FRONT ROYAL - After years of inhabiting a decrepit building, the Rivermont Volunteer Fire Department is one step closer to getting a new home as ground recently broke on its $5.6 million new facility.
The department’s current building at 714 Rivermont Drive has been plagued with issues including buckling walls held up by a wooden brace and a condemned second due to fear of collapse. The department has operated out of that facility - which was built around the late 1920s - since it formed in 1954.
Joe Woodall, Rivermont’s assistant fire chief, said there has also been water running through the building “even when it doesn’t rain.” This, he said, led to mold issues that resulted in the closing of the living quarters and office space during a $20,000 project to remove the mold.
“It hinders the department because who wants to come down to a building covered in mold that’s being held up with temporary braces?” Woodall said.
Those problems will be a thing of the past in September 2020, when Warren County General Services Director Brandy Rosser said construction is expected to be completed on the department’s new facility on a 5.7-acre parcel at the corner of Stokes Airport Road and Rivermont Drive.
Woodall said the department is “crossing our fingers the current building will last until then.”
“If something did happen and we couldn’t use the current building, we would figure something out, so our community didn’t go without fire and E.M.S. protection. We just hope we can make it until September 2020,” Woodall said.
He said one major issue until then is that the station cannot be staffed overnight due to safety concerns.
“Safety is number one in fire service. You always protect your people,” Woodall said.
According to previous reports, construction plans call for for a one-story 15,250-square-foot building with three drive-through bays, overnight accommodations and a community meeting space that will be the Fork District’s polling location.

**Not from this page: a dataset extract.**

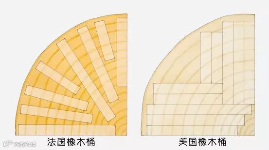 欧洲橡木和美国橡木有很多属性上的不同。以法国橡木为例,法国的很多橡木林很多出自拿破仑时期,因为法国气候整体比较冷凉,所以橡木的生长周期长,纹理也更细;而美国橡木相对生长期较短,且橡木出自不同林区的混合。在处理方法上,法国橡木桶一般是按照纹理切割,对橡木利用率较低(20%左右),而美国橡木桶对橡木的利用率可达50%左右。
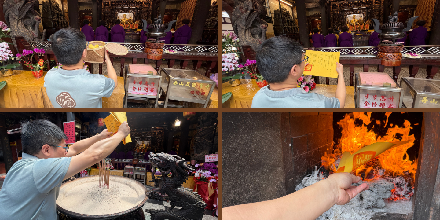文疏送入金爐。火升起來,香煙慢慢往上飄。

It should meet the station’s needs for 50 years.
Woodall noted that the department’s operational procedures will greatly change once it moves into the new building, pointing to the fact that staff will be able to stay overnight.
“That alone is a huge morale booster and huge for the community itself,” he said.
He added that the new building will have rooms for in-house training and meetings and “we don’t have to worry about someone slipping and falling in a creek that runs through the building.”
“It’s going to be a huge change for all of us. But a change for the better,” he said.
Woodall said that hopefully, the new building will increase the morale of a department whose members already get along well with each other.
“We are a family. We bicker and fight but at the end of the day, we come together for each other. I hope that trend continues once we move and hopefully recruit and retain new members,” he said.
As for the land on which the current station sits, Woodall said the department would like to give it “back to the community.” He said perhaps it could be turned into a park with picnic shelters or a community center of some sort. Although the exact future use is uncertain, he said “we just know we want it to be a community gathering place.”